Hi Everyone! I hope you’re enjoying this three day weekend with your children.
First of all, welcome Aisha, Ahmad’s new baby sister! She was born last week, healthy and happy!
We have an exciting week planned. This Thursday is the Lunar New Year, celebrated by much of East Asia and many in the United States. We would like to do our part in preschool. If your family celebrates the Lunar New Year and you would like to help us with our celebration, please let Ms. Jane know as soon as possible. We’ll try and build in as many family traditions as we can. Ray School is planning a school-wide celebration as well.

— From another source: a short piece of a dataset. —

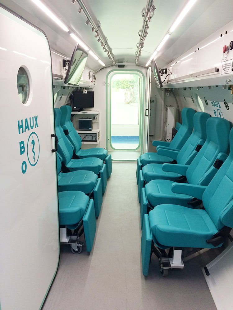Sistemul de terapie hiperbară include o cameră cu capacitate de opt pacienți și doi asistenți, o stație de control computerizată pentru monitorizare și supraveghere, instalații de încălzire și răcire, compresoare de înaltă și joasă presiune, precum și echipamente medicale specializate, precum defibrilator și ventilator hiperbaric. De asemenea, dotarea cuprinde măști de respirație, injectomate și cărucioare pentru transportul pacienților.
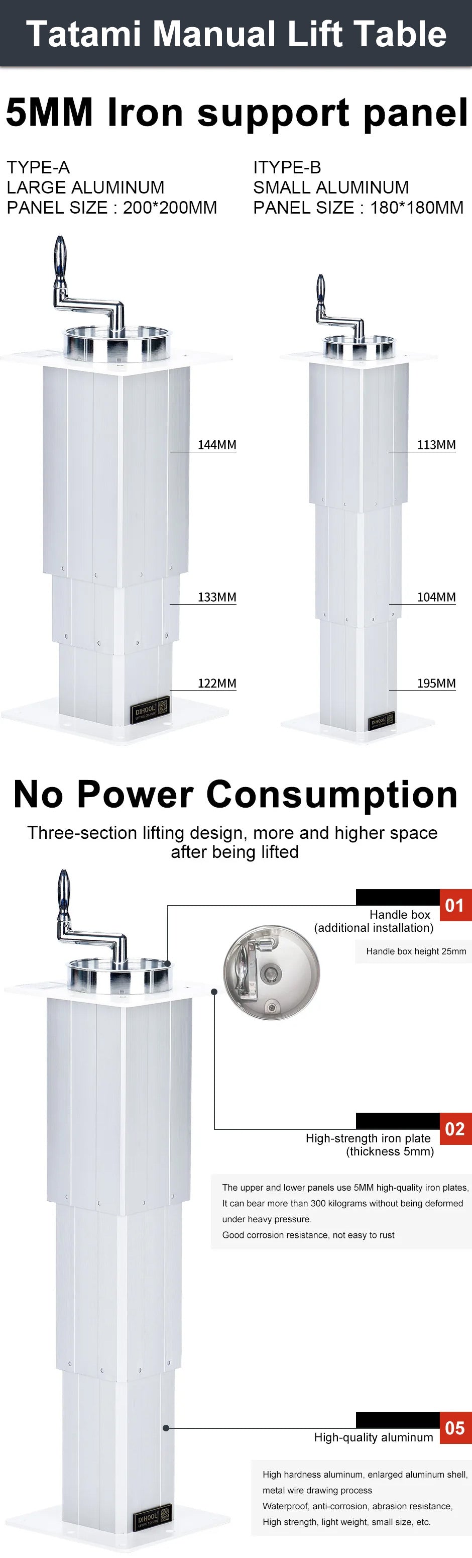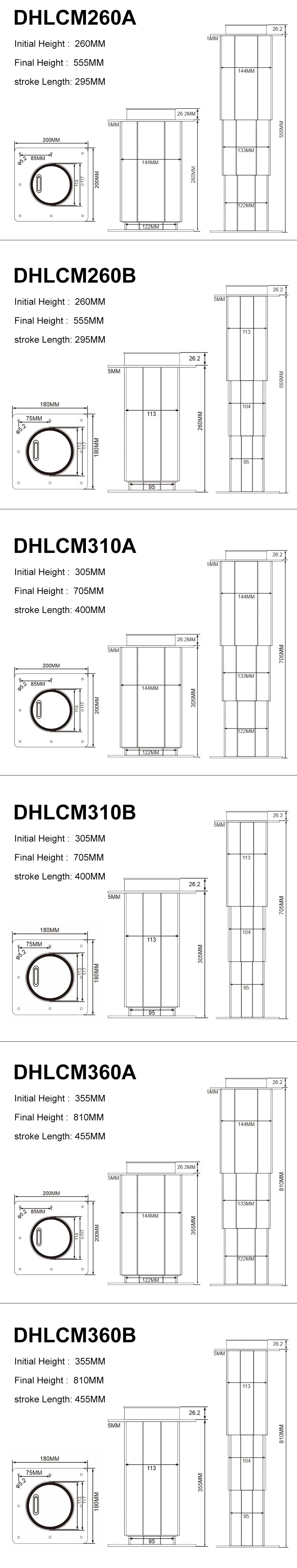 TECHNICAL PARAMETERS Model DHLCM260A DHLCM310A DHLCM360A Panel Size 200*200 200*200 200*200 Model DHLCM260B DHLCM310B DHLCM360B Panel Size 180*180 180*180 180*180 Initial Height H (MM) 260 305 355 Final Height FH (MM) 555 705 810 Stroke Length S (MM) 295 400 455 Section 3 3 3 Speed 5MM/Circle Bearing Capacity 200KG...

Lunar New Year – the Year of the Ram
To start, we have a story book that explains the story of the animals of the zodiac called “What the Rat Told Me.” Every year this book catches the imagination of the children in our classroom. Since we are also exploring shadows with our overhead projector, I thought it would be fun to make some shadow puppets of the animals. I have printed out pictures but now I need help transferring them to black cardstock and cutting them out. If you would like to help with this project and have time to do it this week, please let me know and I’ll get you the materials. We need it done by Wednesday so we’ll have time to play with them.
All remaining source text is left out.